■ Aim of the exercise ■
From the listing below, output only the lines starting at the line that has "まずは講堂でさすまたの使い方" and ending at the line that has "наступающим Новым годом.", exactly as they appear, ends included.

■ Data shown ■
+++++
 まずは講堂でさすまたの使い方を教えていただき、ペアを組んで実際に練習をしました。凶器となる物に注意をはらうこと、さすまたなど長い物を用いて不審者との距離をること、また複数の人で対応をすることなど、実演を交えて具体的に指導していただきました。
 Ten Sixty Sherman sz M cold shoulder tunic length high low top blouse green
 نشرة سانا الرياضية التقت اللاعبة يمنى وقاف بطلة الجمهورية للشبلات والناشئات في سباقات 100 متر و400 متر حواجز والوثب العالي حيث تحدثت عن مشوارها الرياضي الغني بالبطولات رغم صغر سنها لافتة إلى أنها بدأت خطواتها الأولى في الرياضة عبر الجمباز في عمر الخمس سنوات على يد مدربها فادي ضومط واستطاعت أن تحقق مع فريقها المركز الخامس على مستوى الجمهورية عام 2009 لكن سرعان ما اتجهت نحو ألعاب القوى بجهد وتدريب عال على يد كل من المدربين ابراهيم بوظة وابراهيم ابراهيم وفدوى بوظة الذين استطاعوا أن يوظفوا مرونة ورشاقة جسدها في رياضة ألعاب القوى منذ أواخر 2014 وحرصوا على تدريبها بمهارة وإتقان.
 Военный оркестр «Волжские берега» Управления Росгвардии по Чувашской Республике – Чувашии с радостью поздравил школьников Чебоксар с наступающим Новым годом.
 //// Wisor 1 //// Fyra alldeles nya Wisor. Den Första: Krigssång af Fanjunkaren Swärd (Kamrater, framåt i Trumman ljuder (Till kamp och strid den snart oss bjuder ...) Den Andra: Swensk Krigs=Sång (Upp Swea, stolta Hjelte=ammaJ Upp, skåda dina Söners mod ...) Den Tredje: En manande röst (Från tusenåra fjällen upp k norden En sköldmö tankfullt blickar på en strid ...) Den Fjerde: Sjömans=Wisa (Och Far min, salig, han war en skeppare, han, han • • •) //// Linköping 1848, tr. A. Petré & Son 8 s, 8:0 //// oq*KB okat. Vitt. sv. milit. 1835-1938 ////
+++++
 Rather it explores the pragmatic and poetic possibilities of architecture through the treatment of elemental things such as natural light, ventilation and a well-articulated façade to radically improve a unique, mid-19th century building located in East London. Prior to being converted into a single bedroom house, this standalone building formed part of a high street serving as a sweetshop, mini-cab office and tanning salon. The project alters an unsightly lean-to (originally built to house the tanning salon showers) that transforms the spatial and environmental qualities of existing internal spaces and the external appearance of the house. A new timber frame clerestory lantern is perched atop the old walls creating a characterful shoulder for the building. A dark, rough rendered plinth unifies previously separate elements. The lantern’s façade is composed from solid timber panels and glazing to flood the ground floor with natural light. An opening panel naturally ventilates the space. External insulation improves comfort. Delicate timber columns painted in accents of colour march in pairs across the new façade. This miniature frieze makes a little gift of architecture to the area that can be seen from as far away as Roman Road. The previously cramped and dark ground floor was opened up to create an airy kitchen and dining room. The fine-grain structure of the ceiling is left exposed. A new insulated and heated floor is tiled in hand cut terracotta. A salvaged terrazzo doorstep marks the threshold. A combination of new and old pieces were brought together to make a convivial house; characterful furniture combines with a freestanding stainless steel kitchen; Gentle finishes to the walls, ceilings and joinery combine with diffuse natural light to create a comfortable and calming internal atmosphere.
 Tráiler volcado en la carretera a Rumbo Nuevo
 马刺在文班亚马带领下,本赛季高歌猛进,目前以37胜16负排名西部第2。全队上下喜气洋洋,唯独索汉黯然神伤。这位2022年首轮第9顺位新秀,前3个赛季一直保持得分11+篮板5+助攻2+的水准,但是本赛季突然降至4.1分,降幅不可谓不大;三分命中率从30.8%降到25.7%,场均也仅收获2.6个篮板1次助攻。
+++++
■ Task result ■
 まずは講堂でさすまたの使い方を教えていただき、ペアを組んで実際に練習をしました。凶器となる物に注意をはらうこと、さすまたなど長い物を用いて不審者との距離をること、また複数の人で対応をすることなど、実演を交えて具体的に指導していただきました。
 Ten Sixty Sherman sz M cold shoulder tunic length high low top blouse green
 نشرة سانا الرياضية التقت اللاعبة يمنى وقاف بطلة الجمهورية للشبلات والناشئات في سباقات 100 متر و400 متر حواجز والوثب العالي حيث تحدثت عن مشوارها الرياضي الغني بالبطولات رغم صغر سنها لافتة إلى أنها بدأت خطواتها الأولى في الرياضة عبر الجمباز في عمر الخمس سنوات على يد مدربها فادي ضومط واستطاعت أن تحقق مع فريقها المركز الخامس على مستوى الجمهورية عام 2009 لكن سرعان ما اتجهت نحو ألعاب القوى بجهد وتدريب عال على يد كل من المدربين ابراهيم بوظة وابراهيم ابراهيم وفدوى بوظة الذين استطاعوا أن يوظفوا مرونة ورشاقة جسدها في رياضة ألعاب القوى منذ أواخر 2014 وحرصوا على تدريبها بمهارة وإتقان.
 Военный оркестр «Волжские берега» Управления Росгвардии по Чувашской Республике – Чувашии с радостью поздравил школьников Чебоксар с наступающим Новым годом.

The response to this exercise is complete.